[TASK BRIEF]
Where the listing below has a line with "最终他们选择将原双鹿图使用的", write out exactly that line and every line after it, stopping after the line with "比較國內(nèi)三個主要蒸".

[EXERCISE DATA]
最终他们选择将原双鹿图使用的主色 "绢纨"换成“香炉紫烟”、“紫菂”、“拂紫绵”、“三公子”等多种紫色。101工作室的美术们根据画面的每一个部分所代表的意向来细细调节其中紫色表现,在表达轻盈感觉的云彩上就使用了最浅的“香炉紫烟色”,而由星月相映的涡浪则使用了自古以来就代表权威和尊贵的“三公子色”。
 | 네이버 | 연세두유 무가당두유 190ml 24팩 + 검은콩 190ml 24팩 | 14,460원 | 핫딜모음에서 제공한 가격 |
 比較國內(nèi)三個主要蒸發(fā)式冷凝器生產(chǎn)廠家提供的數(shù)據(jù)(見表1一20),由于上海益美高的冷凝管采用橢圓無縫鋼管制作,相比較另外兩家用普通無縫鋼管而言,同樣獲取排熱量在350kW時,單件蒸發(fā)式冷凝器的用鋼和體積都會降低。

==

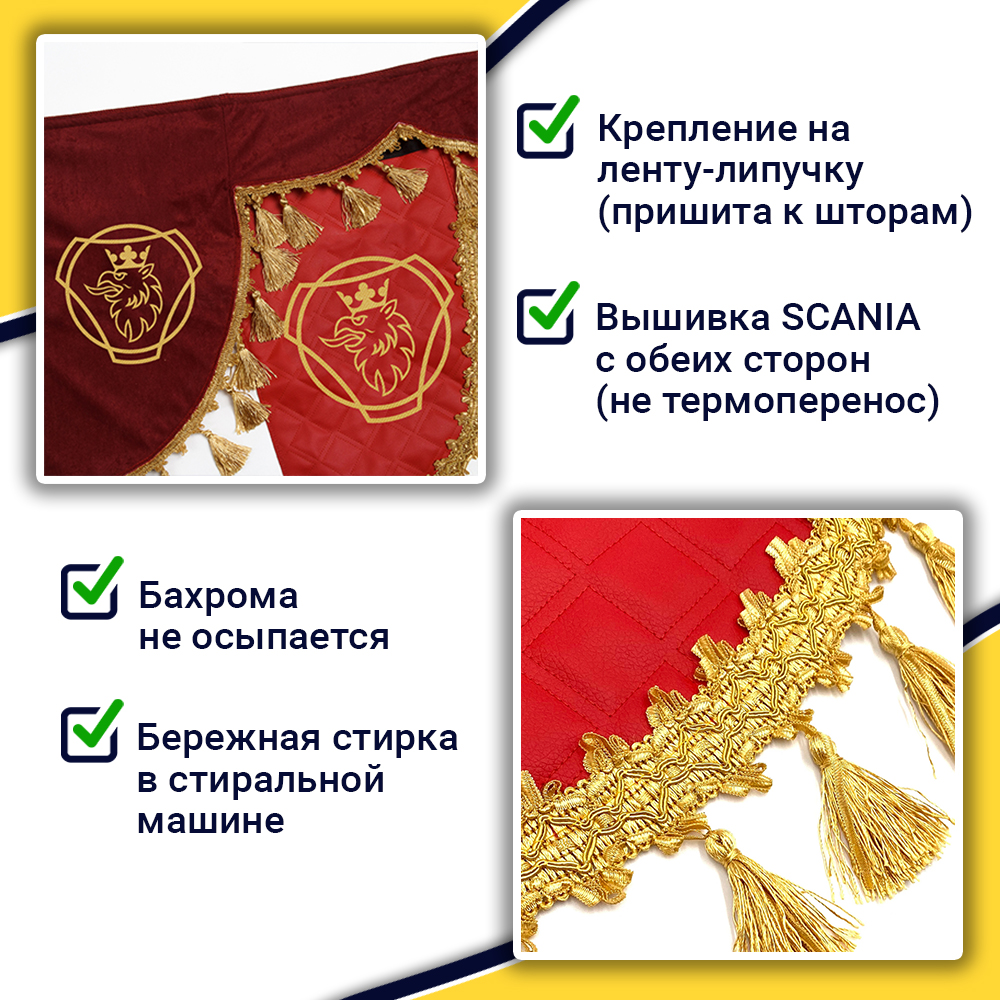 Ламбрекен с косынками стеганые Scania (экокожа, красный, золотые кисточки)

==

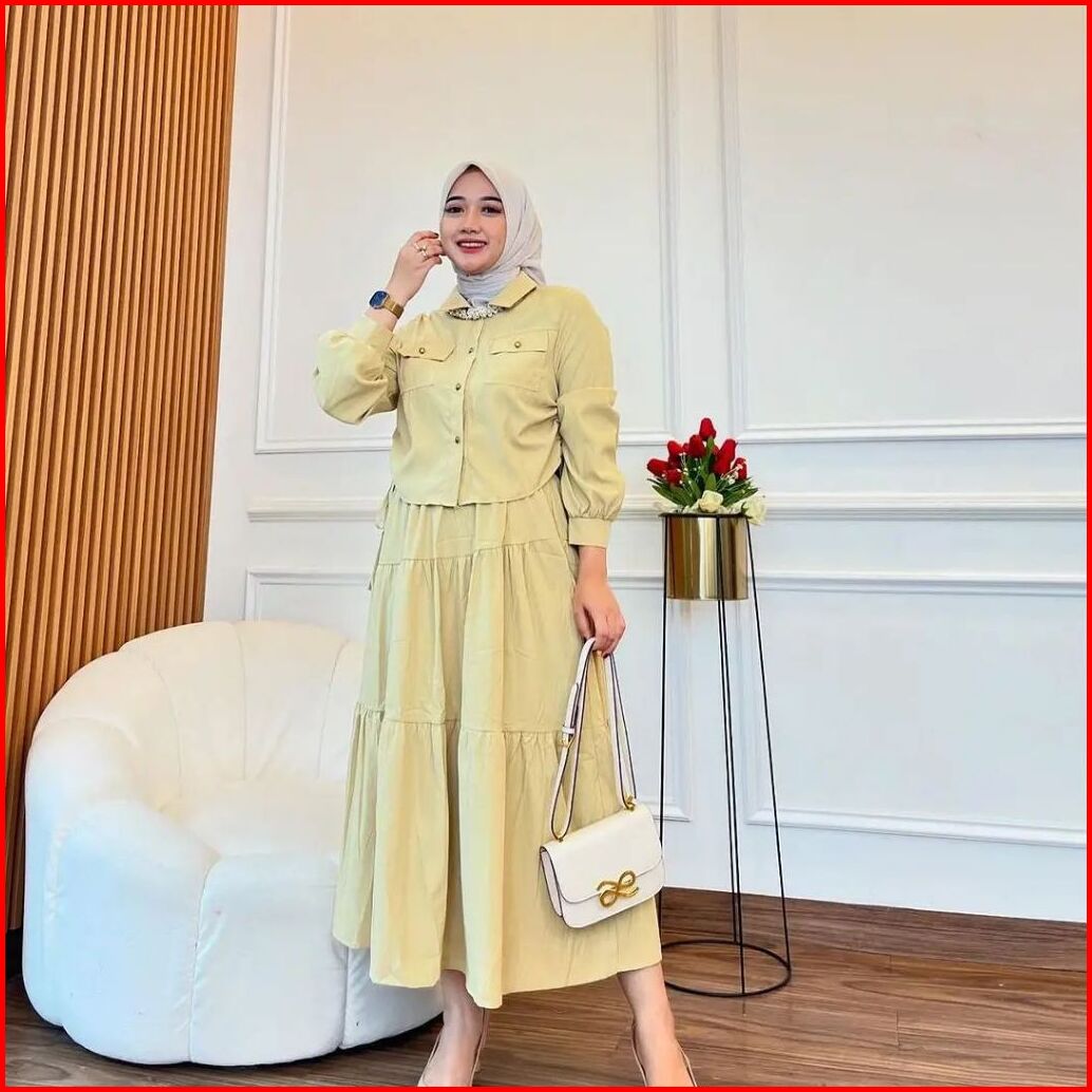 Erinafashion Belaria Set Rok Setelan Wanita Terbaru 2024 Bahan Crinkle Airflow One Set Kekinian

[RESPONSE TO THIS EXERCISE]
最终他们选择将原双鹿图使用的主色 "绢纨"换成“香炉紫烟”、“紫菂”、“拂紫绵”、“三公子”等多种紫色。101工作室的美术们根据画面的每一个部分所代表的意向来细细调节其中紫色表现,在表达轻盈感觉的云彩上就使用了最浅的“香炉紫烟色”,而由星月相映的涡浪则使用了自古以来就代表权威和尊贵的“三公子色”。
 | 네이버 | 연세두유 무가당두유 190ml 24팩 + 검은콩 190ml 24팩 | 14,460원 | 핫딜모음에서 제공한 가격 |
 比較國內(nèi)三個主要蒸發(fā)式冷凝器生產(chǎn)廠家提供的數(shù)據(jù)(見表1一20),由于上海益美高的冷凝管采用橢圓無縫鋼管制作,相比較另外兩家用普通無縫鋼管而言,同樣獲取排熱量在350kW時,單件蒸發(fā)式冷凝器的用鋼和體積都會降低。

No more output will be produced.